Existe entre os povos balcânicos (gregos, sérvios, montenegrinos, etc.), ou árabes (sírios, libaneses, iraquianos, etc.), dominados pelos otomanos/turcos, que lutaram contra a opressão do Império Otomano, tal como fez Simón Bolívar contra o Império Espanhol na América do Sul, em inícios do século XIX. Não é por acaso que as populações que tipicamente emigraram para a América Latina dos antigos territórios otomanos são árabes cristãos ou de outras minorias da Síria / Líbano. Na Venezuela, há o caso de Tareck El Aissami, o actual Vice-Presidente para a Economia, é de ascendência síria e da minoria herética drusa — o seu pai tinha ligações ao Partido Baath do Iraque de Saddam Hussein. Para além da procura de melhores condições de vida, essas populações fugiam de perseguições religioso-políticas num império islâmico governado pelos sultões turcos/otomanos. Ironia: esse é um modelo que Erdogan admira.

5. No actual contexto político, com Nicolás Maduro a lutar desesperadamente pela sobrevivência do seu regime, Recep Tayyip Erdogan encontrou um Eldorado na Venezuela. A Turquia assegura a refinação e certificação do ouro — a qual deixou de ser efectuada na Suíça —, permitindo evadir as sanções dos EUA. Nada de (a)normal entre aliados da NATO. Em troca, em 2018, exportou para a Venezuela mais de 60 milhões de dólares em alimentos. Este abastecimento assegura a maioria dos produtos alimentares distribuídos pelo Comités Locais de Abastecimento e Produção, um programa governamental de apoio às populações mais carenciadas.

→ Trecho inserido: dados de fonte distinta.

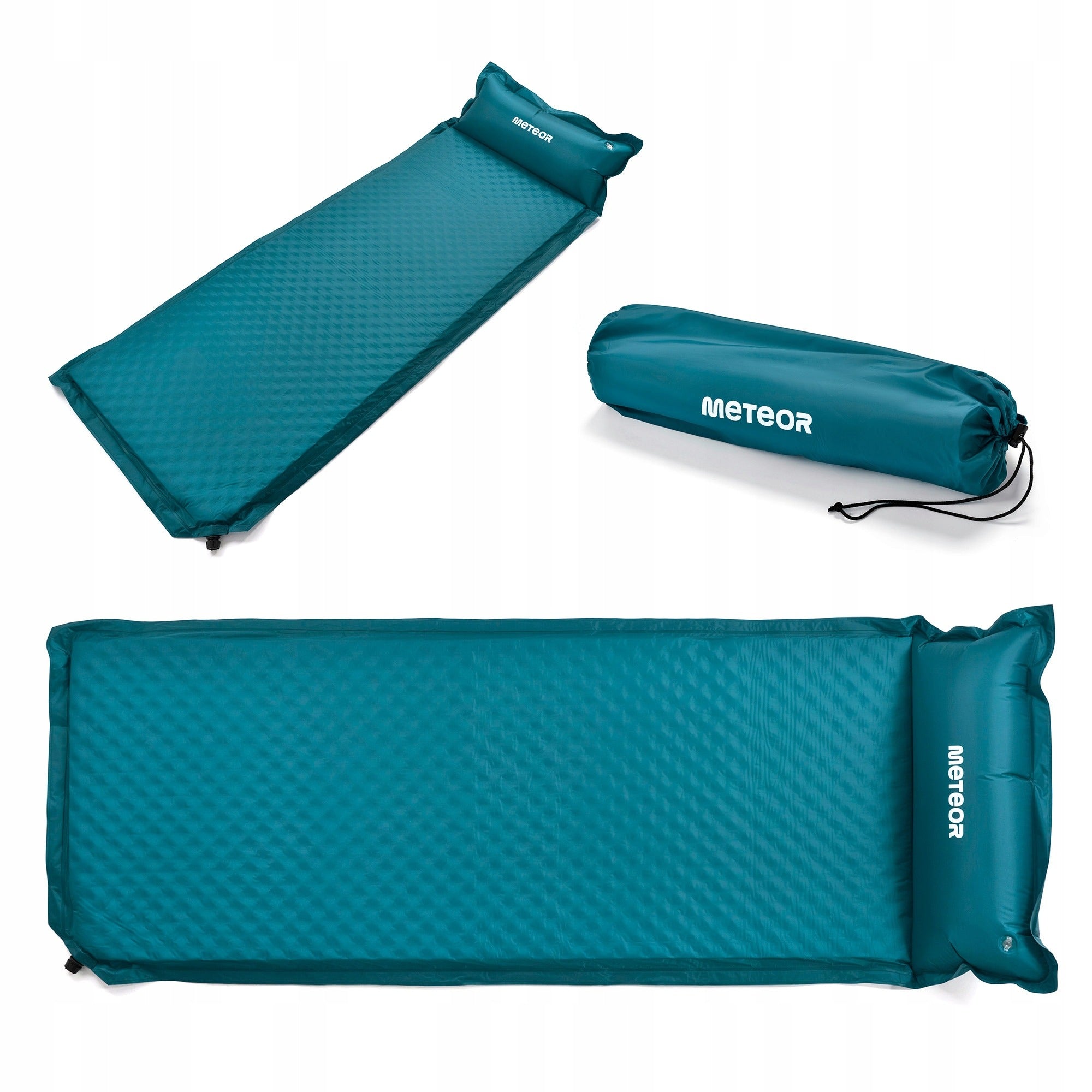 Automatiškai pripučiamas turistinis kilimėlis Meteor 188x66x3,8 cm su pagalvėle jūrinės spalvos stovyklavimui ir kelionėms

Todavia, a ironia é que a Turquia também não produz muitos desses alimentos. Importa-os de vários outros países para depois os reexportar para a Venezuela, num negócio bastante lucrativo, claro. Ao mesmo tempo, o governo de Nicolás Maduro cedeu quatro milhões de hectares de terra para produção agrícola onde participam empresas turcas.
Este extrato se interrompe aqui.